Kollarımı göğsümde birleştirerek derin bir nefes verirken gökyüzüne baktım. Bir süre öylece oturduktan sonra eve döndüm.

Üzerime rahat şeyler giydikten sonra garip bir şekilde rahatlamış hissediyordum ama aynı zamanda gün içerisinde yapacak olduğum şeyleri hatırlamak beni şey hissettirmişti... Rahatsız? Yorgun?

Dolabımdaki kıyafetlere baktım. Sağ tarafta kendi kıyafetlerim, solda ise Jaerin'le seçtiğimiz... Daha doğrusu Jaerin'in seçtiği kıyafetler duruyordu.

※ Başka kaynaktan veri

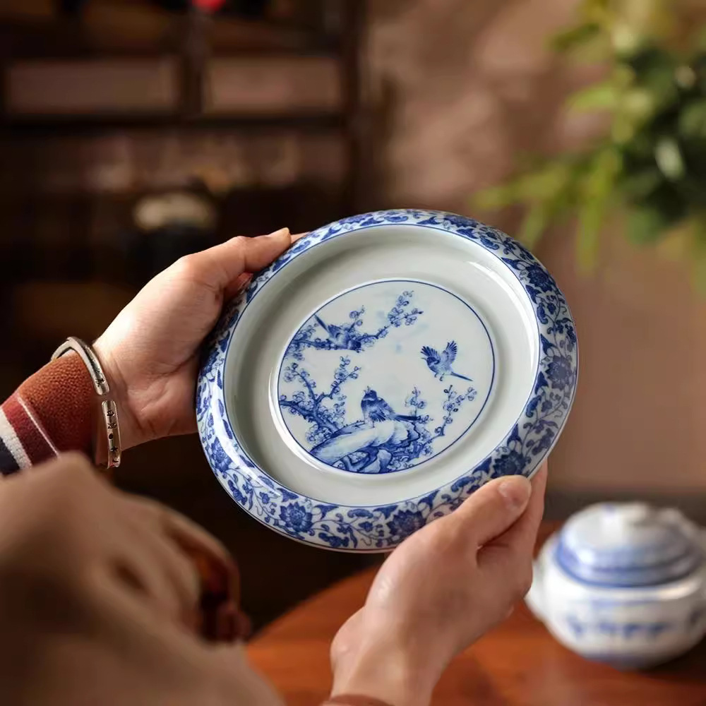 景徳鎮の青と花の鳥の壺は中国式の乾燥した泡台の家庭用の養壺を引き受けて陶磁器のティーポットの台座の壺を支えてお茶の皿を支えます。

Benim kıyafetlerim normal ve rahat kıyafetlerken, onun seçtikleri pahalı ve bazıları abartılıydı.

Kafam allak bullak olmuştu.

Jaerin'in onu ilk tanıdığım zamanlara nazaran çok değiştiği açık bir gerçekti. Fakat onu kaybetmek benim için ölüm gibi bir şey olurdu. Bu yüzden onu yanımda tutmak için her şeyi yapardım. O benim tüm dünyamdı. Onsuz bir hayat düşünemezdim.

Ama... Gerçekten istediğim şey bu muydu?

Yaşamak istediğim hayat bu muydu?

Partiye gitmek, başkasına hediye almak, ona buna göre giyinmek, alkol almamak, birinden uzak durmak...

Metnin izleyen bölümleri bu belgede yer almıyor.